Monday, September 9, 2013

Biggest Fears

The years just before and after my mom died were the most stressful and difficult in my life. It often got to the point where I would stay out talking after stake institute classes (one-night-a-week church study classes for college-age students - for any non-Mormon readers) for hours with anyone who would stay with me because it was the closest I could get to actually relaxing. One guy in the single's group would stay out talking with me the longest each week. I confess that I was oblivious, due to already stated stress levels, to any deeper intentions on his end. I was just grateful for an excuse not to go home where the tension needed something much more heavy-duty than a mere knife...

One night, we got talking about facing the hard things in life and he said that he believes we will all ultimately have to face our biggest fears. He supported it by listing a couple big ones he'd already lived through. He then said that having done so, he did not find many things worth fearing anymore. While there were a number of things about this guy that I could not agree with, I have often reflected on this insight of his and find it valid in my own life.

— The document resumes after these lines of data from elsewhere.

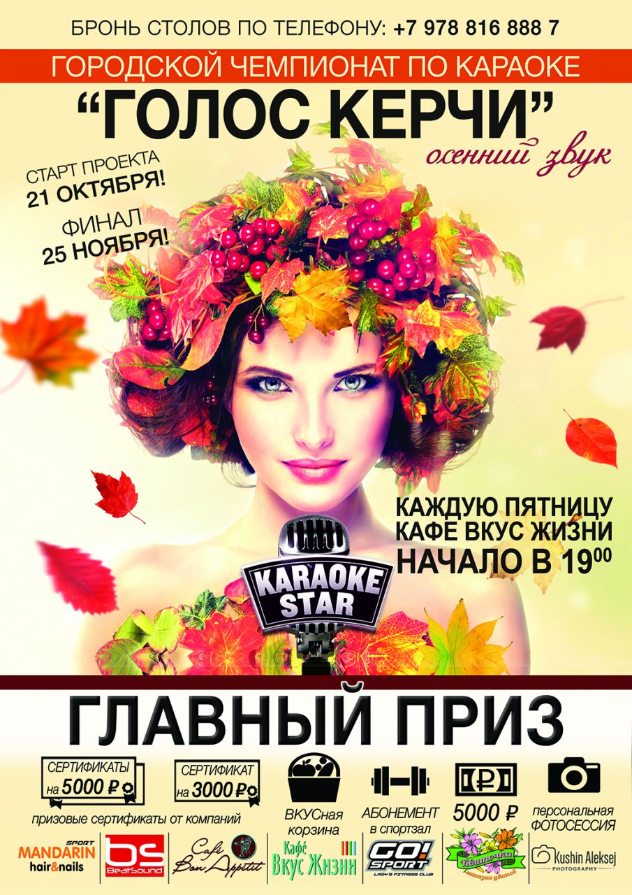 На прошлой неделе, в пятницу, был завершен вокальный проект «ГОЛОС КЕРЧИ: осенний звук». Конкурс прошел при поддержке: Кафе Вкус Жизни, Cafe Bon Appetit, GO!Sport, Mandarin-sport, "Квиточка", Beat Sound, а также семейного фотографа Алексея Кушина.
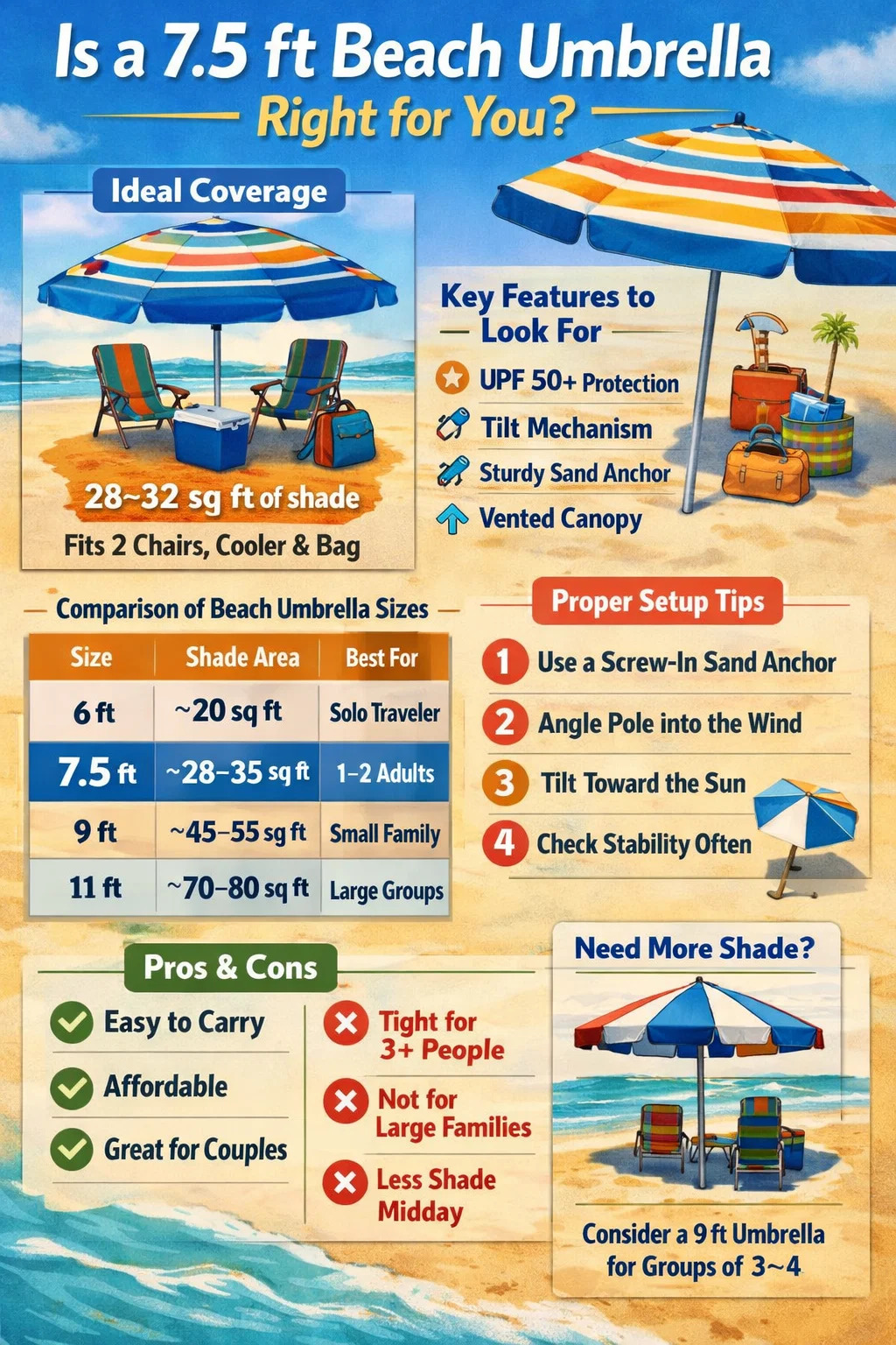 Bu boyut aralığındaki bir plaj şemsiyesi, malzemeye bağlı olarak genellikle 3,5 ila 6 pound arasında bir ağırlığa sahiptir; arabadan kıyıya hiç terlemeden taşınabilecek kadar hafiftir. Direğin çapı genellikle 1 inç ila 1,5 inç arasındadır ve gölgelik, güneş doğrudan tepedeyken rahatça altında durabilecek kadar yüksekte oturur. Bu boyutlar, rahat plaj kullanımı, yalnız seyahat edenler ve büyük bir teçhizat taşımadan güvenilir gölge isteyen çiftler için 7,5 ft'yi standart haline getiriyor.
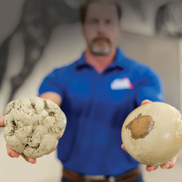 Similar to the small intestine, colic cases involving the large intestine can be broadly classified as either strangulating obstructions (twisted or entrapped intestine) or non-strangulating obstructions (feed impaction or displacement) and can also include an inflammatory component (colitis) or infarctive disease (blockage of blood supply). Of non-strangulating cases in the large colon, Dr. Hassel explains, “These obstructions are probably one of the more common types of colic we see in the field. These are the cases when your horse stops passing manure, your veterinarian comes out, they administer a laxative, provide fluids and a little bit of pain control, and often the horse will start passing manure again after a period of time.” Additional forms of non-strangulating obstructions can be seen in enteroliths (mineral stones of varying sizes, formed around a nidus and comprised of magnesium, ammonium and phosphorus), sand impactions and displacement cases where the blood supply to the large intestine remains intact but a portion of the large intestine moves out of its normal position, causing an obstruction.
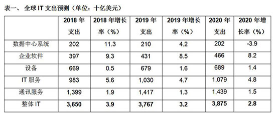 2019年全球IT支出预计将达3.8万亿美元 手机市场增长1.6%
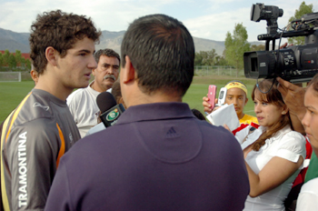 Os mais entrevistados foram Fernandão, Iarley, Pato e Clemer, reconhecidos pelos mexicanos como alguns dos heróis da conquista do Mundial diante do Barcelona, em dezembro. O capitão Fernandão e o atacante Iarley responderam em espanhol fluente, o que agradou ainda mais os jornalistas locais. ?Jogar aqui sempre é difícil, mas esperamos um bom resultado para depois definir no Beira-Rio?, afirmou Fernandão. ?Temos que sair daqui vivos. A altitude preocupa um pouco, mas isso se supera com gana?, disse Iarley.
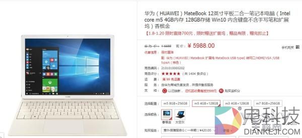 售价方面,HUAWEI MateBook国行版搭载Core M3处理器4GB内存+128GB固态硬盘为4988元(包括键盘保护壳);搭载Core M5处理器4GB内存+128GB固态硬盘为6688元(包括键盘保护壳),搭载Core M5处理器8GB内存+256GB固态硬盘为7388元(包括键盘保护壳);搭载Core M7处理器8GB内存+256GB固态硬盘为9688元(包括键盘保护壳、手写笔以及扩展坞)。
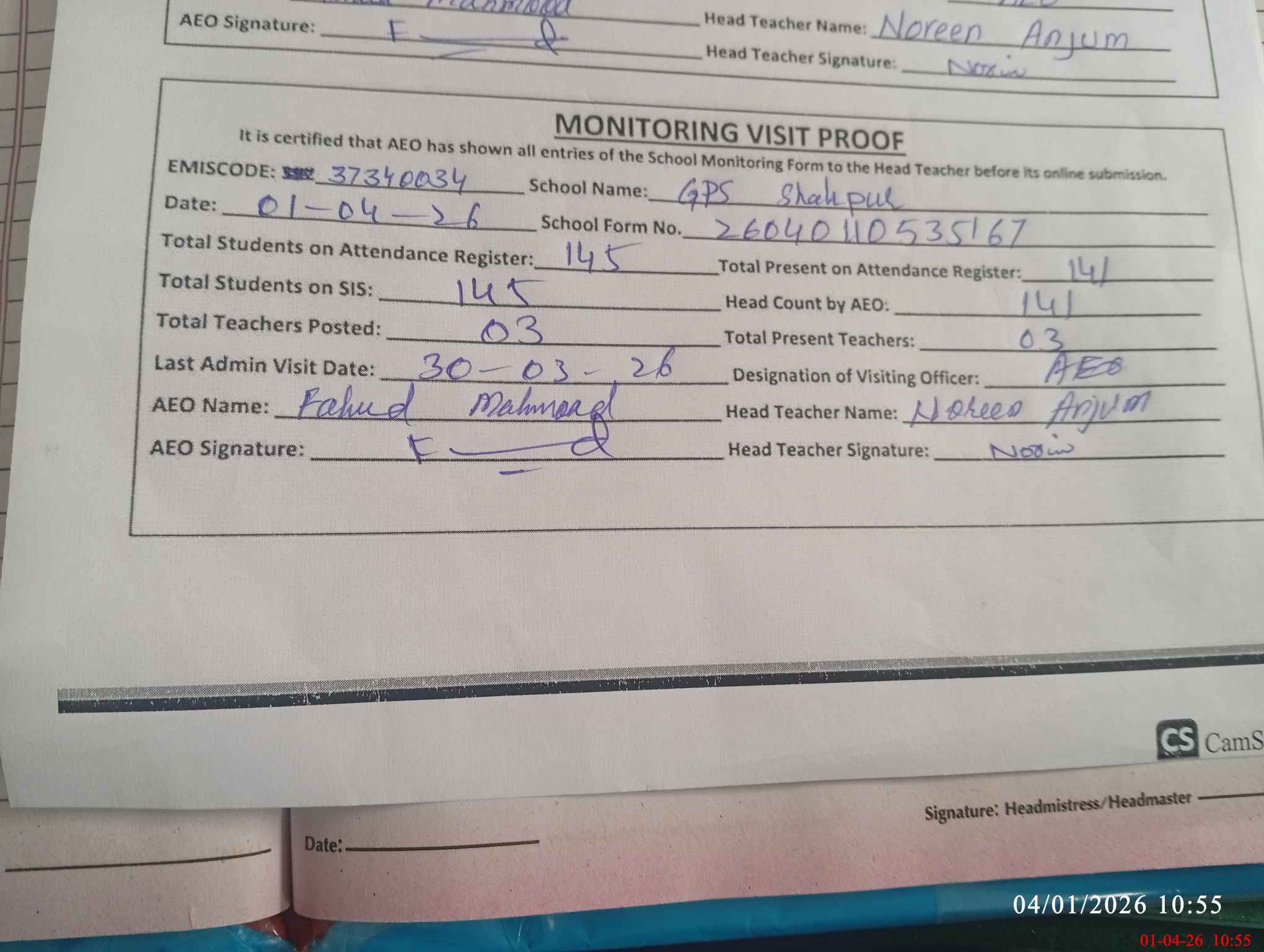 | Attendance Register | Head Teacher | MEA with School | Visit Proof |

In seminary (similar week-day classes for high-school age students) we had a get-to-know you activity at the beginning of one semester. As part of it, we were to give our greatest fear. It wasn't long for me to land on what was mine and so I waited patiently, listening as the question was answered around the room. There were plenty of spiders for girls (and even a guy or two). I think someone said they were afraid of a family member dying. Dying, themselves. Public speaking. Common things that aren't surprising. When it came to be my turn, I stood and said simply, "My greatest fear is that no-one will care about me." One of my classmates had a look of horror on his face at the thought of having no-one care about him. I guess people with good family relations and friends don't think of such things.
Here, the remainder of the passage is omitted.